TykTechnologies / tyk

Tyk Open Source API Gateway written in Go, supporting REST, GraphQL, TCP and gRPC protocols
Other
9.58k stars 1.07k forks source link

[TT-12965] `ctx.GetOASDefinition()` has very poor performance #6471

Open JanMa opened 3 weeks ago

JanMa commented 3 weeks ago

Branch/Environment/Version

Describe the bug To work around some limitations in Tyks mTLS support (see #6259), I am maintaining a custom go plugin for mTLS at Paymenttools. We recently enhanced that plugin to support OAS APIs as well and noticed a large performance regression.

To get custom per-api plugin configuration at runtime, the plugin calls ctx.GetOASDefinition on the context object provided to the plugin. This function performs a deep copy of the stored *oas.OAS object before returning it which first marshals and then unmarshals the object to JSON.

This turns out to be a very expensive operation and severely degrades performance of your plugin if the function is called in the hot path for every incoming request. By removing this function and manually getting the *oas.OAS pointer from the passed context, we could reduce our memory usage by 95% and CPU usage by 46% which severely improved the overall performance of our Tyk setup.

Below you can see two generated flame graphs which show the difference (please ignore the color inconsistency).

Memory: mem_flamegraph

CPU: cpu_flamegraph

Proposed solution

We've been running this fix for some time now in production and could not notice any negative side effects which might be explained by not operating on a deep copy of the passed OAS definition. Therefore I propose to remove the unneeded deep copy of the *oas.OAS object before returning it.

buger commented 3 weeks ago

Hi! I wonder if you can overcome it by having in memory cache inside plugin. When api is reloaded your plugin will be reloaded in any case. What do you think?

JanMa commented 2 weeks ago

Hi @buger, we already make heavy use of caching for the authentication part of our plugin. The cache is initialized in the plugin's init function and the high level workflow is as follows:

  1. get OAS definition from passed context
  2. fetch API name and plugin config data
  3. check cache if the key <api name>-<client cert hash> already exists
    1. if yes, allow request
  4. perform client cert validation with config from fetched plugin config data
    1. if cert is valid, add key to cache and allow request

We use the same plugin for multiple APIs so we need it to be configurable and make use of the plugin config data. I guess we could work around fetching the OAS definition only once and then caching it based on some other value which we know without it :thinking: .

But this would mean we can't ensure that a new plugin config is immediately applied when the API config is changed in Tyk. Because we share the same plugin with multiple APIs, the plugin's init function is only triggered the first time it is loaded.

buger commented 2 weeks ago

When api is changed on Tyk side, your plugin is reloaded with api. So its cache kind will be reloaded as well.
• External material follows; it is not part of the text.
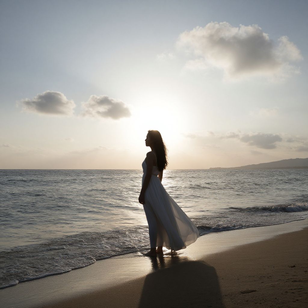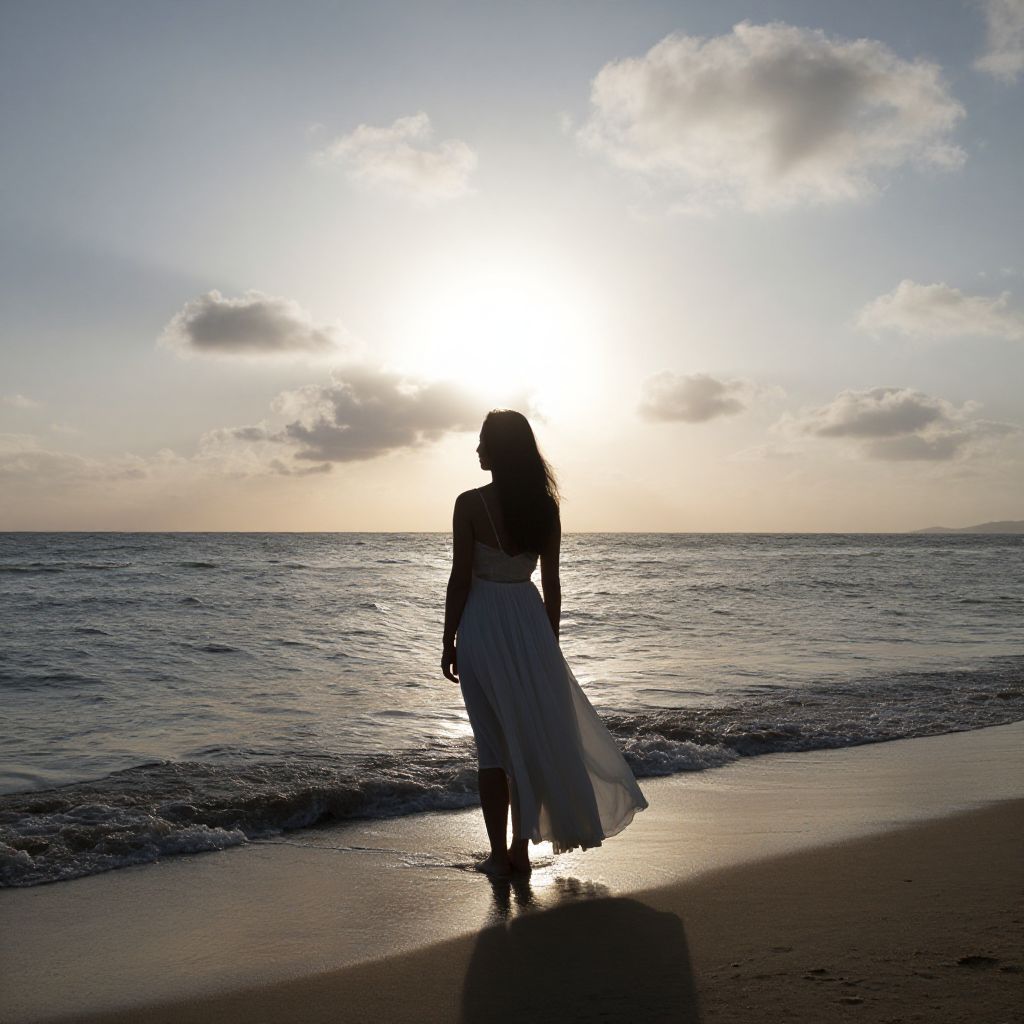 Silhouette of a woman in a flowing white dress stands contemplatively on a sandy beach as waves gently lap around her feet, with the sun breaking through clouds above, casting a serene glow over the horizon.

blagerweij commented 1 week ago

@JanMa we noticed a similar performance hit in our plugin, out of curiosity how have you been able to work around the issue? Something like this ?

    v := r.Context().Value(ctx.OASDefinition)
    var apiDef *oas.OAS = nil
    if v != nil {
        apiDef = v.(*oas.OAS)
    }

And is your Go plugin an 'Auth' plugin, and are you using the Session state to cache the user, or are you using a custom cache?

JanMa commented 1 week ago

Hi @blagerweij , we worked around the issue like this:

    v := r.Context().Value(ctx.OASDefinition)
    if v == nil {
        w.WriteHeader(http.StatusInternalServerError)
        return
    }

    apidef, ok := v.(*oas.OAS)
    if !ok {
        w.WriteHeader(http.StatusInternalServerError)
        return
    }

The plugin is an Auth plugin, but for mutual TLS. This means we can't make use of the ID Extractor mechanism provided by Tyk because we have no auth information which is passed in a header. Instead we just use a go-cache cache which the plugin initializes in it's init() function.